▶ Work instruction
When you reach the line containing "X-start CC122 黑色汽车蓝牙" in the records below, start copying exactly, and stop once you have copied the line containing "牆面上鎖著其中一個合作者品牌".
Records for processing Block Start
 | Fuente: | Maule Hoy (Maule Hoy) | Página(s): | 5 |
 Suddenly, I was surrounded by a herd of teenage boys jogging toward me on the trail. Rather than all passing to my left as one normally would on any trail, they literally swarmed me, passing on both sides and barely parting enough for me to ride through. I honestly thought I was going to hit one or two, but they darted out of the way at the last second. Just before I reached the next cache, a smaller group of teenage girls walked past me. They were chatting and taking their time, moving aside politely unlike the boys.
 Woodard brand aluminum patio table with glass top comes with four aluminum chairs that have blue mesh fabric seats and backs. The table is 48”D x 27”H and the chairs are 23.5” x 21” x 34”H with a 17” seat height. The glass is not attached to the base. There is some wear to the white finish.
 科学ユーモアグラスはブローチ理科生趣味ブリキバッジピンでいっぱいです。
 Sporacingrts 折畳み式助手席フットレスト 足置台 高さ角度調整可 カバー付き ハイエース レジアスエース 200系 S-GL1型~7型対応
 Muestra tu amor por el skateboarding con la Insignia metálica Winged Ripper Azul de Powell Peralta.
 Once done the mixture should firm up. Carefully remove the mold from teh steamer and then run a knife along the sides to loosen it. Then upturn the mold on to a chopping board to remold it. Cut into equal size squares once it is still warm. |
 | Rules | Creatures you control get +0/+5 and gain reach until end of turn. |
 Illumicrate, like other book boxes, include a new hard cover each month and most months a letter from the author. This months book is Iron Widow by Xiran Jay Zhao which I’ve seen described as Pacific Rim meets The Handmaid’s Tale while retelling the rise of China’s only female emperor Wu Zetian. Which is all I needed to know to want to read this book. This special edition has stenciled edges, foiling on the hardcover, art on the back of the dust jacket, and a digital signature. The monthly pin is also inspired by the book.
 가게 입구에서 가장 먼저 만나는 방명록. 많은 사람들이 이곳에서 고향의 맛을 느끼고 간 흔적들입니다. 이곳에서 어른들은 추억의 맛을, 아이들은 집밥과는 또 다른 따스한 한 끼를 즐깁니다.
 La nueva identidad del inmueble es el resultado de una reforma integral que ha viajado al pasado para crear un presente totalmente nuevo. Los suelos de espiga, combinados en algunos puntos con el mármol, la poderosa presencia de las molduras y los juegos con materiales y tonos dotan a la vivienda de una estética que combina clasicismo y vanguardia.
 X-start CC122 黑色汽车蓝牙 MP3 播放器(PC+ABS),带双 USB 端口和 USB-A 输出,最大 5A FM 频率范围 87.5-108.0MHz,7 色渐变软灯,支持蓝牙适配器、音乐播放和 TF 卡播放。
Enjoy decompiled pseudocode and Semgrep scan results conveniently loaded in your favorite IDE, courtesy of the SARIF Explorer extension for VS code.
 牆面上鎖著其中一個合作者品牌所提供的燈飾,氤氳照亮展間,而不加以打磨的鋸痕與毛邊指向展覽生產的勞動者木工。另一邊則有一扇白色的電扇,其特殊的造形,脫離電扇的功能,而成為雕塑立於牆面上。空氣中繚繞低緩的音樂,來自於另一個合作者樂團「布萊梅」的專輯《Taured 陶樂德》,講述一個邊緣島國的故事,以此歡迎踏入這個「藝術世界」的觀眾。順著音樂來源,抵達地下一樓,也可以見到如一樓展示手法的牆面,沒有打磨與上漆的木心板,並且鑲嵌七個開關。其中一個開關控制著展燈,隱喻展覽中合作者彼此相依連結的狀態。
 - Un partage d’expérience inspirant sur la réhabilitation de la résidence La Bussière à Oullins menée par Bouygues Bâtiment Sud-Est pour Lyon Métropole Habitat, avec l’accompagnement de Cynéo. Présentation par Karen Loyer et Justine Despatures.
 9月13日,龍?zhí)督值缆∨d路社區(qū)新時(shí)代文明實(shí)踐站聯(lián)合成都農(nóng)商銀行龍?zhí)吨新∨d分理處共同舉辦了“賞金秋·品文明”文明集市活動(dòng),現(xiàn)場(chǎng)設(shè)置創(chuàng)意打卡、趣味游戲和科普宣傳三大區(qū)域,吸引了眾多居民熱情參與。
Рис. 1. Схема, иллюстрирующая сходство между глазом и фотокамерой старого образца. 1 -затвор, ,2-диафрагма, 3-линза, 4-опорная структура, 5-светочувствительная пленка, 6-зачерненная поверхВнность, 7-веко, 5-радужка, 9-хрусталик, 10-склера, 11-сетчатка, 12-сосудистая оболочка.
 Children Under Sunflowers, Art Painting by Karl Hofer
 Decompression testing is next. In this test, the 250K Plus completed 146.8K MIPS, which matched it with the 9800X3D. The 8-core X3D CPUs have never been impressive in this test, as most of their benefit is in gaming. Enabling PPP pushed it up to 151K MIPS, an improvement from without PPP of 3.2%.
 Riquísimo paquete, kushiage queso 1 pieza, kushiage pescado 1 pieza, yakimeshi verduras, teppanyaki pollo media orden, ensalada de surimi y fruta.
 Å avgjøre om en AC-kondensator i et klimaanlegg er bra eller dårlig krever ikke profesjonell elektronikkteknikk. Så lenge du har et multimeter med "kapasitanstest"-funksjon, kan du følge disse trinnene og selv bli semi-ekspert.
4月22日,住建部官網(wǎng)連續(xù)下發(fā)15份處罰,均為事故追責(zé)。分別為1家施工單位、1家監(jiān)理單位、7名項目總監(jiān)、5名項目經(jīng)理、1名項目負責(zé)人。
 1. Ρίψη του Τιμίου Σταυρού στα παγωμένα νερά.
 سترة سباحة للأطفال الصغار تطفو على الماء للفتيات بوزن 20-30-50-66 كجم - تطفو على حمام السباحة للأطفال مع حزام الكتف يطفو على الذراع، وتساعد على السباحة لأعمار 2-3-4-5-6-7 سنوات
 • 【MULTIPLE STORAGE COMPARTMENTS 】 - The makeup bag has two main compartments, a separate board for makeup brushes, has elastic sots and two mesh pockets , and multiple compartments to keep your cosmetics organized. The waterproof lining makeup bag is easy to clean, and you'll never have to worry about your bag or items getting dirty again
Records for processing Block End
▶ Exercise response
 X-start CC122 黑色汽车蓝牙 MP3 播放器(PC+ABS),带双 USB 端口和 USB-A 输出,最大 5A FM 频率范围 87.5-108.0MHz,7 色渐变软灯,支持蓝牙适配器、音乐播放和 TF 卡播放。
Enjoy decompiled pseudocode and Semgrep scan results conveniently loaded in your favorite IDE, courtesy of the SARIF Explorer extension for VS code.
 牆面上鎖著其中一個合作者品牌所提供的燈飾,氤氳照亮展間,而不加以打磨的鋸痕與毛邊指向展覽生產的勞動者木工。另一邊則有一扇白色的電扇,其特殊的造形,脫離電扇的功能,而成為雕塑立於牆面上。空氣中繚繞低緩的音樂,來自於另一個合作者樂團「布萊梅」的專輯《Taured 陶樂德》,講述一個邊緣島國的故事,以此歡迎踏入這個「藝術世界」的觀眾。順著音樂來源,抵達地下一樓,也可以見到如一樓展示手法的牆面,沒有打磨與上漆的木心板,並且鑲嵌七個開關。其中一個開關控制著展燈,隱喻展覽中合作者彼此相依連結的狀態。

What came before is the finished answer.